Pop 89: Hold hands not devices

By Madonna Hamel
madonnahamel@hotmail.com

Last night I dreamt I was lost in Grasslands National Park. And I didn’t have cell reception! Big deal, I said upon waking. I lived forty-six years of my life without a cell phone and did just fine. Eventually, my radio producer made me carry a phone to do “live hits” from the road. But by then, I’d known a life devoid of a pocket computer and had no compulsion to text, search, or take snapshots every five minutes.

Pocket computer sounds like a handy, friendly, helpful device, doesn’t it? Think again. In “The Age of Surveillance Capitalism,” Shoshana Zuboff outlines how cell phones were invented as consumer tracking devices that could harvest every piece of information about our private lives then bundle and sell it to corporations who would shower us with advice, coupons, directions, offers. They even curate our news, gearing it toward our search history and according to what’s happening in the world.

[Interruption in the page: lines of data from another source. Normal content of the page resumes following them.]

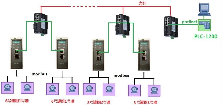 1.案例简介:本案例现场在天津市燃料油公司,该公司拥有15万吨储油设施, 本案应用于3~6号罐组。每个罐组有6~12个不等的油罐,每个油罐有两个电动阀门控制油罐的进油和出油。电动阀门采用的是modbus的通讯协议,PLC使用的是西门子1200系列PLC,现场采用PROFINET工业以太网通讯,通过modbus转profinet网关转换。由于油罐与控制室距离较远,所以现场采用微硬创新生产的WYS208/2F两光六电光纤以太网交换机。本案例的目的是在中控室控制油罐的进油、出油的开关以及电动阀门的位置等操作。
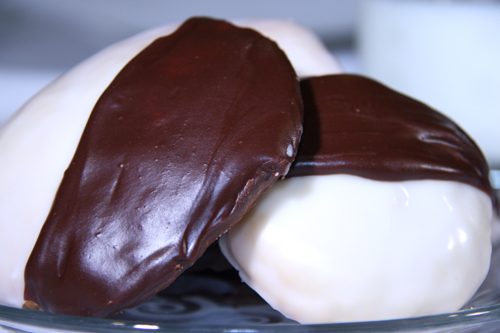 Black and White cookies are the perfect finale to any deli experience. If done right, they are soft and tender, rich and smooth. They are the soul mate to an icy, cold glass of milk. This particular recipe from the All-American Cookie Book is that kind of nostalgic deli-style black and white.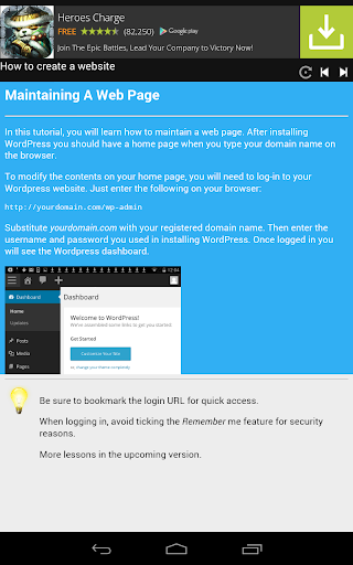 No need for technical skills. This app will show you everything from registering a domain name and a web host. Did you know that certain domain names are like virtual real estate where they can appreciate in value? There is a short tutorial on choosing the right domain name. This app also comes with a short web hosting tutorial. Learn between dedicated web hosting and shared web hosting. Once you have selected your domain name and web hosting, this tutorial will show you how to connect the two together.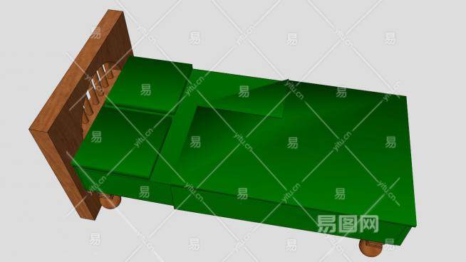 实木床板式床SU模型下载_sketchup草图大师SKP模型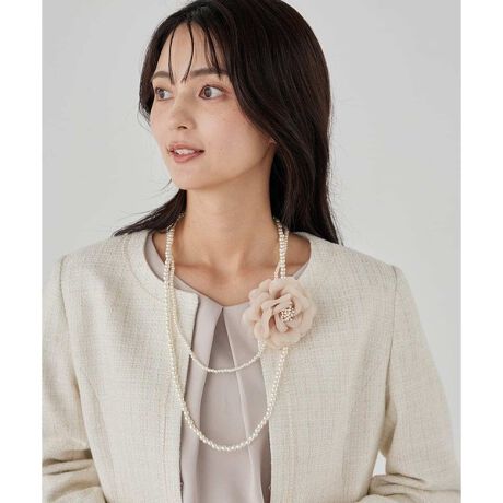 ・パール調の二連ロングネックレスと小ぶりなサイズ感が上品なコサージュ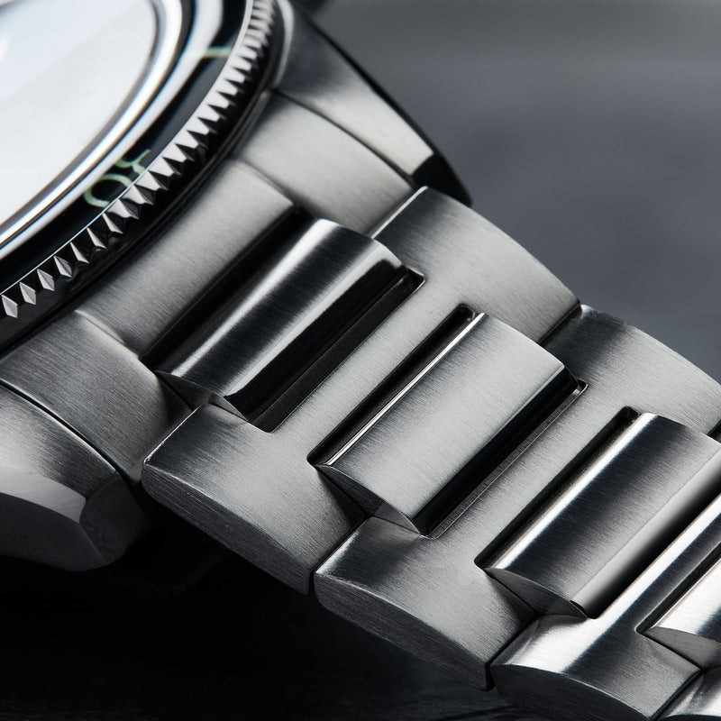 De acryl lunette is ook erg leuk door de gebolde vorm. Dat is ook tekenend voor de Fleuss serie: kleine, verfijnde details, die het horloge extra speciaal maken.

The cell phone/tech industry is in the business of “reality” matching. Whatever world you live in, the tech world will bolster it. The cell phone is the computer of the 21st century, and its power rests in its ubiquitousness. As Zuboff says, quoting tech gurus, “the most profound technologies are those that disappear.” Right into your pocket.

So, ok, you love your phone and can’t understand why people like me are being so mean to it; it’s helping make your life easier, after all. Yes, your phone knows where you go, what you buy, who you talk to, what you eat, what recipes, news events and video clips you prefer to access so that it can serve you before you even ask. I mean, really, name a person with that much loyalty and servitude? Remember how we were told the microwave oven would free us up to have more time to spend with our loved ones? Most technology is sold to us with this promise. But if you have a hard time connecting with your loved ones to begin with, technology will not make intimacy any easier.

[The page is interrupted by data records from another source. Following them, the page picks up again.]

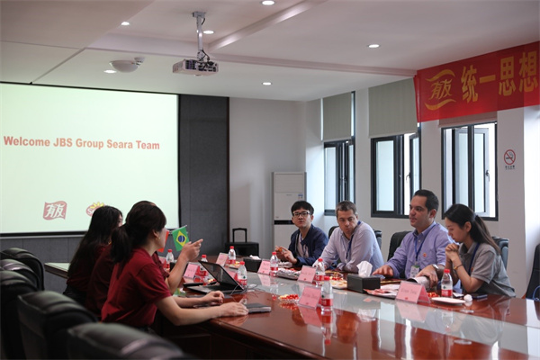 5月24日,巴西JBS集团Seara公司国际市场执行总监Mr.Marcelo、亚洲区销售总监Mr.Danilo、中国区销售经理Mr.Zhou、Mrs.Qiana一行前往米兰app体育登录入口-米兰体育(中国) 璧山生产基地参观交流,沟通双方的发展现状与展望,米兰app体育登录入口-米兰体育(中国) 常务副总鹿游进行了接待。
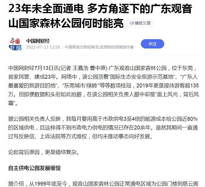 2020年12月22日央视《谈事说理》栏目播出专题“《谈事说理》之搁浅的公园”其中就着重谈到观音山国家森林公园悬而未决的基本供电问题。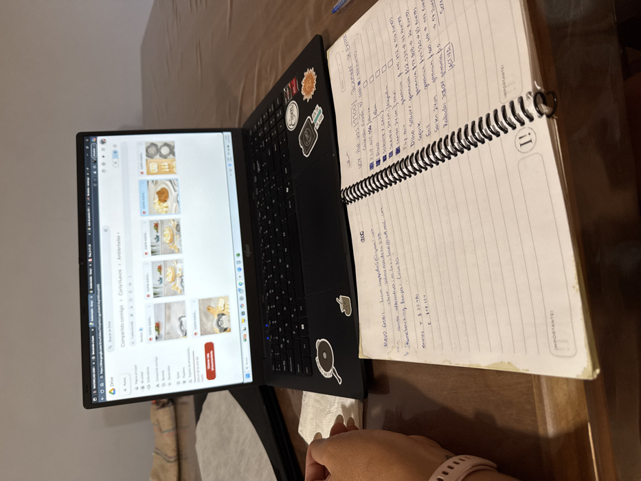 A laptop is open, displaying an image search on Google Drive for "Corta Huevos Ambientades." Next to the laptop is a spiral-bound notebook with handwritten notes in Spanish. One page lists "VOY POR Vos/11001 DICIEMBRE DE EXITO," followed by a checklist of items like "Cacerden fusión Cola," and a list of items like “disco sehore”, accompanied by prices and quantities. On the other page are reminders about "NUEVO GMAIL," followed by names and numbers. The words "IMPORTANTE" appear on both pages.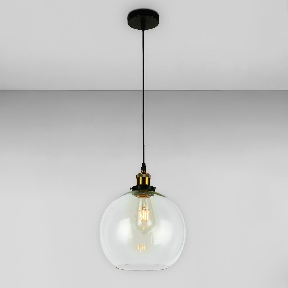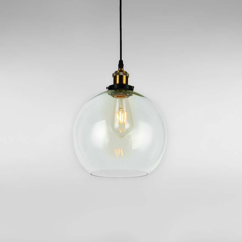 Сучасна підвісна люстра в стилі лофт на одну лампу зі скляним плафоном форми кулі.

Maybe phones do bug you - but not your phone, just other people’s phones. What irritates you is bad phone etiquette. Like when you’re out to dinner, and your dining partner’s phone rings, and they actually answer it and carry on a conversation. Since when did an absent person take precedence over the one right in front of you? Or how about that family at the table next to you - cut off from each other, each buried in their separate cell phone world? Or what about your brother’s kids; how come he lets them text their friends at the supper table? I thought phones were supposed to bring us together, free us up to spend more time with those we love. Seems we spend less and less time with real people and more and more time isolated, hunched over our preferred “reality.”

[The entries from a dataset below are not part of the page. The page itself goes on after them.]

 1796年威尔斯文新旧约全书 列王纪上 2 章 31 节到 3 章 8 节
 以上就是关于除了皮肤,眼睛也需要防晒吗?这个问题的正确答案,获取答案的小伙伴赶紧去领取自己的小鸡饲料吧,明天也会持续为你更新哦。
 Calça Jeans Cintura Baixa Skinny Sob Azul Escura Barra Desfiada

Our cell phones are a form of surveillance designed by tech companies Zuboff refers to as “Big Other.” “Big Other” uses an intimate, I-really-care-about-you-getting-the-help-you-need Alexa voice as it manages to exploit the need it created. It reduces human experience into measurable chunks. It then “poaches our behaviour for surplus and leaves behind all meaning lodged in our bodies, our brains, and our beating hearts, not unlike the monstrous slaughter of elephants for ivory.” We aren’t the product; the product is the surplus, the information “that’s been ripped from our phones and our lives.” We are just “the abandoned carcass.”

Last night I was out walking. I rarely walk with my phone, but I admit I was listening to a podcast that evening. Don Brown rolled up alongside me in his truck, and I unplugged my earbuds. “I wish you’d write something about people always on their own cell phones,” he said. I’ve been meaning to ever since I saw a man standing in a field looking down at his hand, and I just assumed he was looking at his phone. But he was checking the state of his crop, looking at a grain in his palm. He was looking into his hand, not his hand-held device. My mistake deeply disturbed me. When the posture of a person looking into his hand becomes iconography for cell phone use, then Big Other has won.

And then, I remembered a dream I had and wrote about in an essay called “Hearth Day,” that got me first prize in Prairie Fire’s nonfiction contest. Here’s part of it:

“I dreamt I was back in the city. It was rush hour, and everyone was headed home. The subway doors opened, and humanity tumbled out, their faces bent over their hands, staring into their devices. Or so I assumed. Until merging with them, I could see what had them in its grip. They were staring, alright. Intent and transfixed. But they held nothing; they were staring at their own hands.

What is this wonder, this glorious tool? Their faces said this map that holds the memory of everything I ever reached for and all I ever lost, the stigmata of the past, the future’s spontaneous grasp. For the first time, they understood their own powers. Oh, the things I will build, they wept.

With this hand, I will plant and harvest and peel. I will chop and cook and serve a meal.

I will make a musical instrument, and then I will play it. I’ll scale mountains, juggle oranges, drop droplets, pick up sticks. I’ll shuffle cards. I’ll practice card tricks. Thread needles, attach a button, open a latch. Close a window, stitch a wound, sew a patch.”

Five years ago, we sold a t-shirt at the local museum that read: “There is no wifi in Grasslands, but I promise you’ll find a better connection.” Once those are sold out, we won’t be ordering any more of those, I thought. Sure enough, we had wifi by the end of the year.